WORK REQUIRED.
Starting with the line that includes "категории: 49 118.", write out every remaining line of the records below exactly as it appears, leaving out any images.

MATERIAL TO PROCESS.
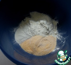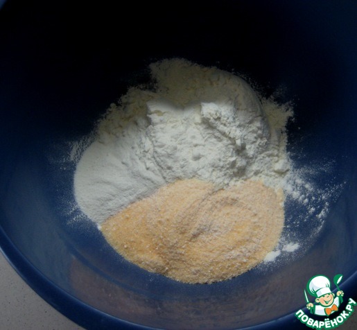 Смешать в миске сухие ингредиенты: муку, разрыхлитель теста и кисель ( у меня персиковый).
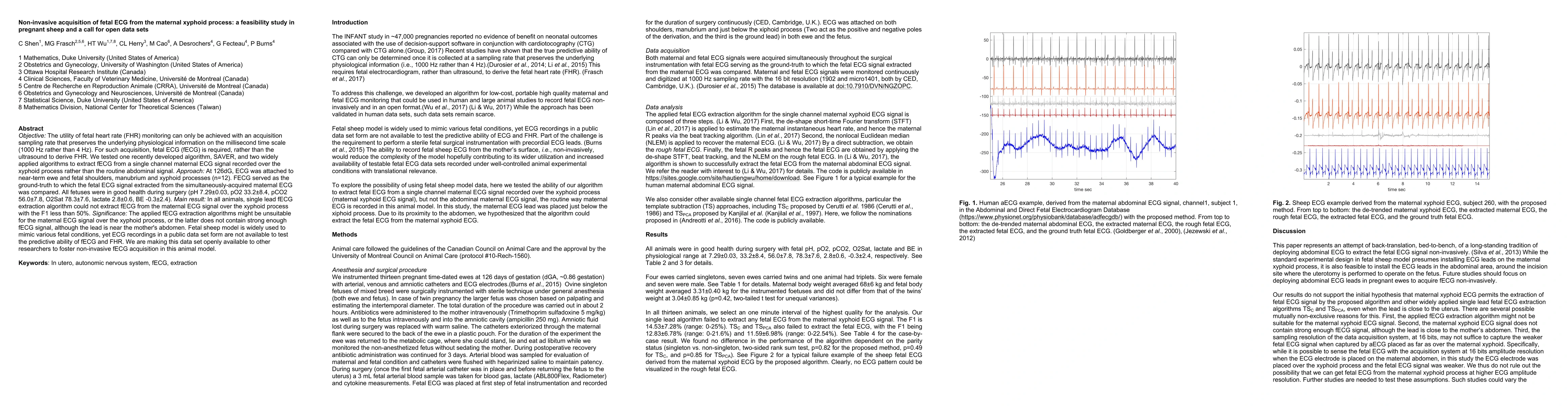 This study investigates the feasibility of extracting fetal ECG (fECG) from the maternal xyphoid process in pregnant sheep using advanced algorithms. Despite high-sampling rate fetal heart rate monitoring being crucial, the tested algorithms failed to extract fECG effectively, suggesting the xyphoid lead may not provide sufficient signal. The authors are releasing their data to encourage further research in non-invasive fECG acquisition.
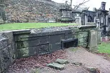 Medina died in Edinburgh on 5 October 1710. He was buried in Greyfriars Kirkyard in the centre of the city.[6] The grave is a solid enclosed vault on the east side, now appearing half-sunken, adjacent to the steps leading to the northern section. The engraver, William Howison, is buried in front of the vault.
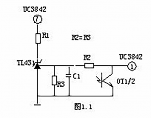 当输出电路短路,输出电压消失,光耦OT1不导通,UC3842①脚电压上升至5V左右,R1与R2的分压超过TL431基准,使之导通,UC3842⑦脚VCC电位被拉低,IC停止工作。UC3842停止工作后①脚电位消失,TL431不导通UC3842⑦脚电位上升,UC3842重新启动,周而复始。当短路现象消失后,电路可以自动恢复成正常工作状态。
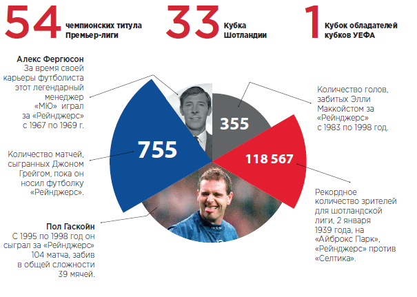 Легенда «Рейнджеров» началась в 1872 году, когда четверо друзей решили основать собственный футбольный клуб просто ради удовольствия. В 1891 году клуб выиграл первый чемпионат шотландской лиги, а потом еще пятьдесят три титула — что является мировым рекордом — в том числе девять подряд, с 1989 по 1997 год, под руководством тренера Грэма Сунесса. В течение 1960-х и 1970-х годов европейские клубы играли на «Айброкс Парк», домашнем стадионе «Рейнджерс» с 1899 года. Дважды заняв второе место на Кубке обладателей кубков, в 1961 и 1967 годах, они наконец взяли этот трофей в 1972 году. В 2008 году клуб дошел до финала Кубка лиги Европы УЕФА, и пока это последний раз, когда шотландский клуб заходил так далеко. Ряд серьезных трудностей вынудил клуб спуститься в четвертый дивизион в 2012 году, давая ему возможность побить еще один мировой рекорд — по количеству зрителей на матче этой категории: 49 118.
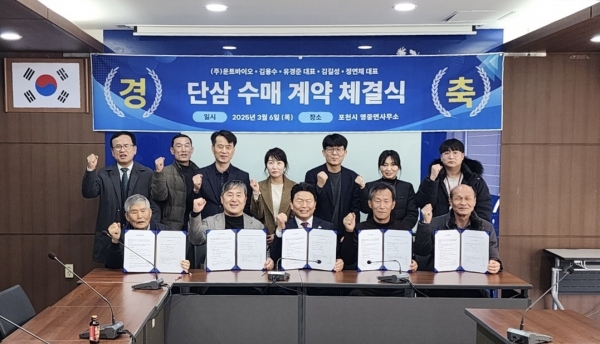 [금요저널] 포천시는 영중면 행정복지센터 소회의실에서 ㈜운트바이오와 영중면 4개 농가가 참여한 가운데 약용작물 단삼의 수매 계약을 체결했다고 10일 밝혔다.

EXPECTED ANSWER.
 Легенда «Рейнджеров» началась в 1872 году, когда четверо друзей решили основать собственный футбольный клуб просто ради удовольствия. В 1891 году клуб выиграл первый чемпионат шотландской лиги, а потом еще пятьдесят три титула — что является мировым рекордом — в том числе девять подряд, с 1989 по 1997 год, под руководством тренера Грэма Сунесса. В течение 1960-х и 1970-х годов европейские клубы играли на «Айброкс Парк», домашнем стадионе «Рейнджерс» с 1899 года. Дважды заняв второе место на Кубке обладателей кубков, в 1961 и 1967 годах, они наконец взяли этот трофей в 1972 году. В 2008 году клуб дошел до финала Кубка лиги Европы УЕФА, и пока это последний раз, когда шотландский клуб заходил так далеко. Ряд серьезных трудностей вынудил клуб спуститься в четвертый дивизион в 2012 году, давая ему возможность побить еще один мировой рекорд — по количеству зрителей на матче этой категории: 49 118.
 [금요저널] 포천시는 영중면 행정복지센터 소회의실에서 ㈜운트바이오와 영중면 4개 농가가 참여한 가운데 약용작물 단삼의 수매 계약을 체결했다고 10일 밝혔다.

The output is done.